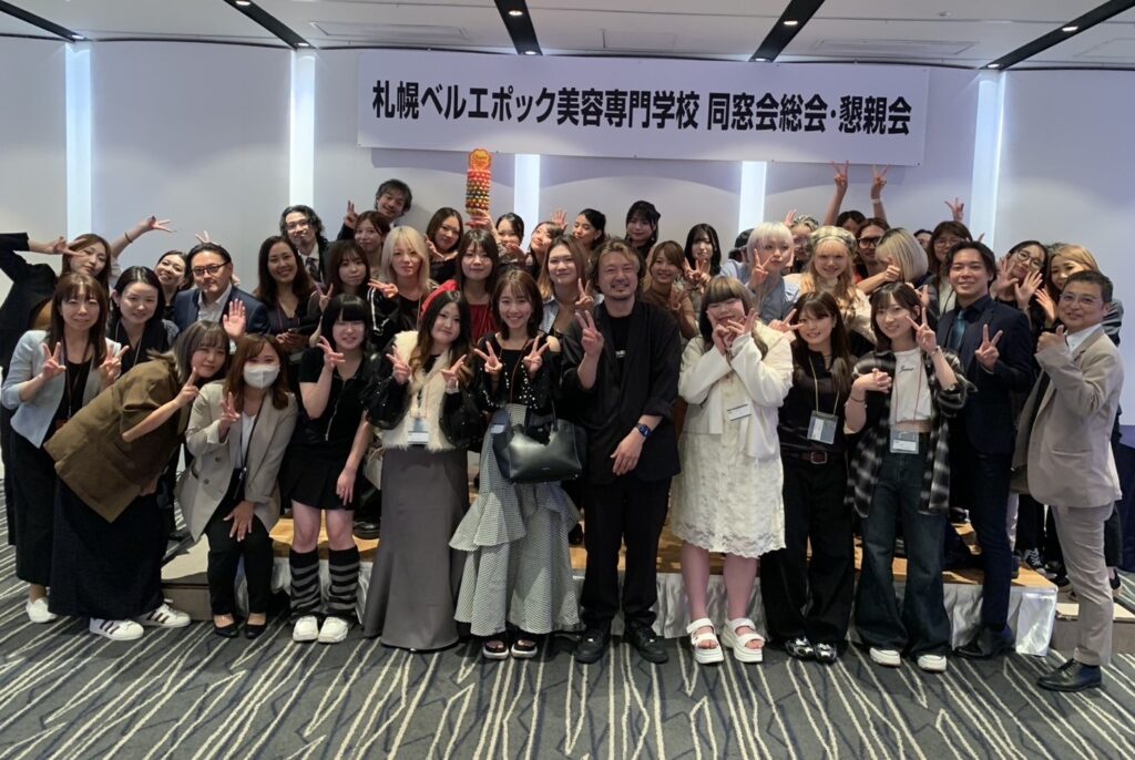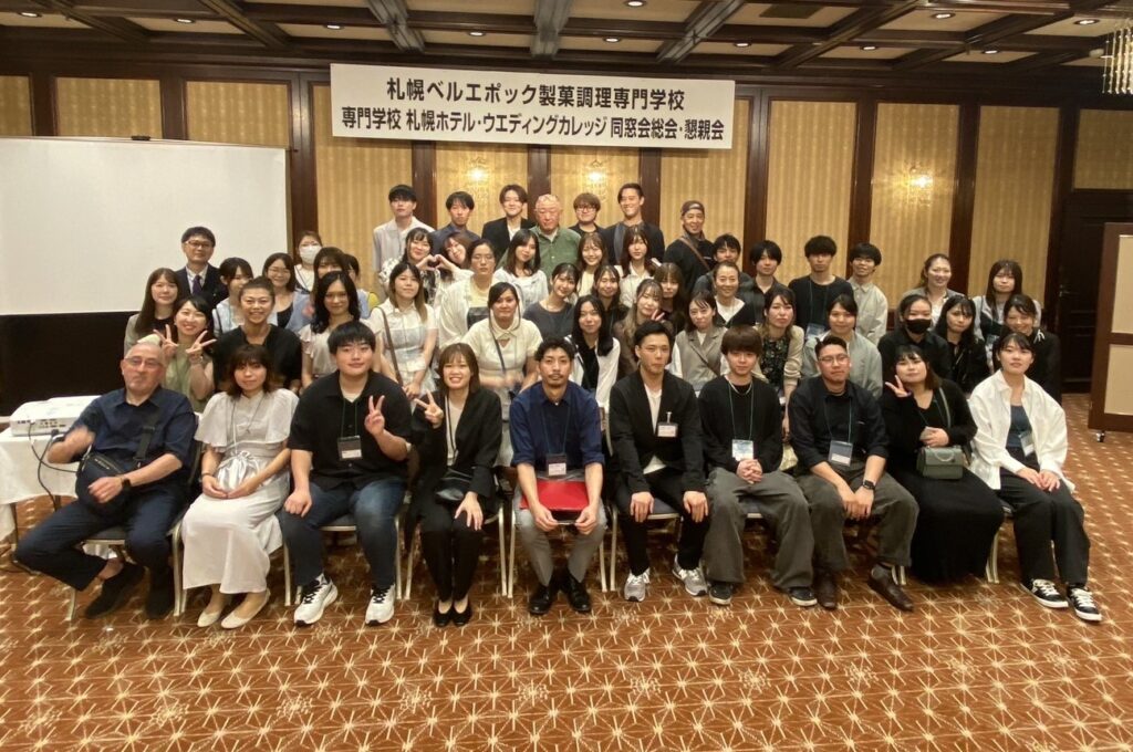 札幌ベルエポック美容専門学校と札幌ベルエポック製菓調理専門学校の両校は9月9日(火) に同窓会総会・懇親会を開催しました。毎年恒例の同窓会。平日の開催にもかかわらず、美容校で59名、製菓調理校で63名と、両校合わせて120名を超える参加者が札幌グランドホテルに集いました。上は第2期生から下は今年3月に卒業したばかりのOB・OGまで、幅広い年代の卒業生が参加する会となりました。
::::::::
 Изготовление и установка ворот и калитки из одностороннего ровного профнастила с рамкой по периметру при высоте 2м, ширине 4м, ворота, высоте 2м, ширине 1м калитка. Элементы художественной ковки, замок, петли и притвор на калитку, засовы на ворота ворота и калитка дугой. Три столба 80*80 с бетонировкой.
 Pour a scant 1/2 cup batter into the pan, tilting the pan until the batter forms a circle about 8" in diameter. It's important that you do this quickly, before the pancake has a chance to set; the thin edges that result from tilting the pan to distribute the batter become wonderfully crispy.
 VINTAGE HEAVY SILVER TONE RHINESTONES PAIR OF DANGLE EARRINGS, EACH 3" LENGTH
::::::::
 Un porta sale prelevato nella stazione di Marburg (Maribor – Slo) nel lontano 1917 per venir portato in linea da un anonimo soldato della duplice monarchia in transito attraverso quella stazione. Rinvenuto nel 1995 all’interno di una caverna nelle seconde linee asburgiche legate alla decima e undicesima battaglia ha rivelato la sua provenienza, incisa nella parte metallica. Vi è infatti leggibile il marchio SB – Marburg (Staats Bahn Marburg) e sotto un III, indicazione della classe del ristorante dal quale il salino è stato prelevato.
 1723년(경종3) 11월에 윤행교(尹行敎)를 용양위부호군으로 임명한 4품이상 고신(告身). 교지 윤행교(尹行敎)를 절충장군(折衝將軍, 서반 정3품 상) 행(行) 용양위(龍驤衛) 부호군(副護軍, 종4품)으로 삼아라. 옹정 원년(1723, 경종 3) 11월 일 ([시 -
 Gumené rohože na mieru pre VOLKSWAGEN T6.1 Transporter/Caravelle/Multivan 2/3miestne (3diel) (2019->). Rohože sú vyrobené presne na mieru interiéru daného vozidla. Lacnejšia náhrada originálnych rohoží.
::::::::
* Problem to solve
Using only the entries above, output the line with "1723년(경종3) 11월에 윤행교(尹行敎)를", the line with "Gumené rohože na", and all lines between them, exactly as they stand.

* The answer
 1723년(경종3) 11월에 윤행교(尹行敎)를 용양위부호군으로 임명한 4품이상 고신(告身). 교지 윤행교(尹行敎)를 절충장군(折衝將軍, 서반 정3품 상) 행(行) 용양위(龍驤衛) 부호군(副護軍, 종4품)으로 삼아라. 옹정 원년(1723, 경종 3) 11월 일 ([시 -
 Gumené rohože na mieru pre VOLKSWAGEN T6.1 Transporter/Caravelle/Multivan 2/3miestne (3diel) (2019->). Rohože sú vyrobené presne na mieru interiéru daného vozidla. Lacnejšia náhrada originálnych rohoží.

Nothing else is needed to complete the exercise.